Begotalavera commented 2 years ago

sessionInfo()

R version 4.1.2 (2021-11-01) Platform: x86_64-w64-mingw32/x64 (64-bit) Running under: Windows 10 x64 (build 19042)

Matrix products: default

locale: [1] LC_COLLATE=English_United States.1252 LC_CTYPE=English_United States.1252 LC_MONETARY=English_United States.1252 LC_NUMERIC=C
[5] LC_TIME=English_United States.1252
system code page: 65001

attached base packages: [1] stats4 stats graphics grDevices utils datasets methods base

other attached packages: [1] xcms_3.16.1 MSnbase_2.20.1 ProtGenerics_1.26.0 S4Vectors_0.32.3 mzR_2.28.0 Biobase_2.54.0 BiocGenerics_0.40.0 BiocParallel_1.28.2 [9] patRoon_1.2.0 Rcpp_1.0.7

loaded via a namespace (and not attached): [1] bitops_1.0-7 matrixStats_0.61.0 bit64_4.0.5 doParallel_1.0.16 RColorBrewer_1.1-2
[6] httr_1.4.2 GenomeInfoDb_1.30.0 backports_1.4.0 tools_4.1.2 utf8_1.2.2
[11] R6_2.5.1 affyio_1.64.0 DBI_1.1.1 colorspace_2.0-2 dat_0.5.0
[16] withr_2.4.3 tidyselect_1.1.1 bit_4.0.4 compiler_4.1.2 MassSpecWavelet_1.60.0
[21] preprocessCore_1.56.0 graph_1.72.0 DelayedArray_0.20.0 checkmate_2.0.0 scales_1.1.1
[26] DEoptimR_1.0-9 robustbase_0.93-9 affy_1.72.0 digest_0.6.29 XVector_0.34.0
[31] htmltools_0.5.2 pkgconfig_2.0.3 fst_0.9.4 MatrixGenerics_1.6.0 fastmap_1.1.0
[36] itertools_0.1-3 limma_3.50.0 rlang_0.4.12 RSQLite_2.2.9 impute_1.68.0
[41] shiny_1.7.1 generics_0.1.1 mzID_1.32.0 aoos_0.5.0 dplyr_1.0.7
[46] RCurl_1.98-1.5 magrittr_2.0.1 GenomeInfoDbData_1.2.7 Formula_1.2-4 MALDIquant_1.20
[51] Matrix_1.3-4 munsell_0.5.0 fansi_0.5.0 MsCoreUtils_1.6.0 logger_0.2.2
[56] lifecycle_1.0.1 vsn_3.62.0 yaml_2.2.1 MASS_7.3-54 SummarizedExperiment_1.24.0 [61] zlibbioc_1.40.0 plyr_1.8.6 blob_1.2.2 grid_4.1.2 promises_1.2.0.1
[66] parallel_4.1.2 crayon_1.4.2 lattice_0.20-45 rcdklibs_2.3 MsFeatures_1.2.0
[71] pillar_1.6.4 GenomicRanges_1.46.1 rjson_0.2.20 codetools_0.2-18 rcdk_3.6.0
[76] XML_3.99-0.8 glue_1.5.1 pcaMethods_1.86.0 data.table_1.14.2 BiocManager_1.30.16
[81] Rdpack_2.1.3 httpuv_1.6.3 png_0.1-7 vctrs_0.3.8 RMassBank_3.4.0
[86] foreach_1.5.1 gtable_0.3.0 RANN_2.6.1 purrr_0.3.4 clue_0.3-60
[91] assertthat_0.2.1 cachem_1.0.6 ggplot2_3.3.5 rbibutils_2.2.5 mime_0.12
[96] xtable_1.8-4 later_1.3.0 ncdf4_1.18 snow_0.4-4 tibble_3.1.6
[101] rJava_1.0-5 iterators_1.0.13 fingerprint_3.5.7 memoise_2.0.1 IRanges_2.28.0
[106] cluster_2.1.2 ellipsis_0.3.2

Jiefei-Wang commented 2 years ago

Hi, This looks like a missing file issue.
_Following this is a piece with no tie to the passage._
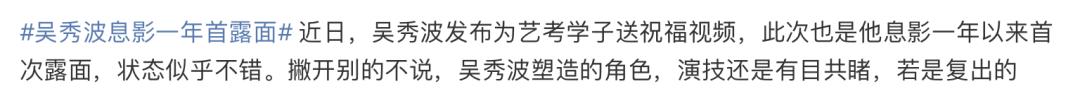 艺人吴秀波近日录制视频祝福艺考生,视频中,吴秀波面带微笑地说:“我是吴秀波,祝学子们艺考一切顺利,长路漫漫未来可期,祝你们金榜题名,加油”,状态看上去很不错。众人猜测疑是有复出打算。
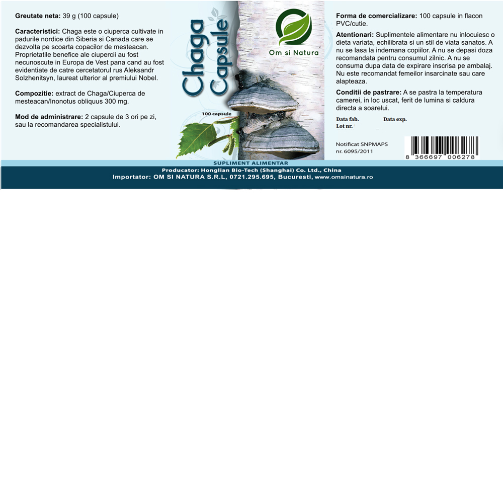 Ingrediente:Extract de Chaga/Ciuperca de mesteacan/Inonotus obliquus 300 mg.

Please submit it to patRoon as we can only solve the problem of BiocParallel itself.

Best, Jiefei

mtmorgan commented 2 years ago

The developers might need to register(SnowParam()) or use a SnowParam() as default, to reproduce this error on non-windows.

Begotalavera commented 2 years ago

Hi, This looks like a missing file issue. Please submit it to patRoon as we can only solve the problem of BiocParallel itself.

Best, Jiefei

Thank you for the answer, the issue is alredy in "patRoon"

MuyaoXi9271 commented 2 years ago

Hi all experts,

I also meet the same error sometimes when I extract MS2 data by using "featureSpectra". Sometimes the error does not come out when I restart R or reboot the computer, but now this error keeps coming no matter whether I reboot the computer or restart R studio. I also try the solution of "register(SnowParam())". I have in total 20 samples.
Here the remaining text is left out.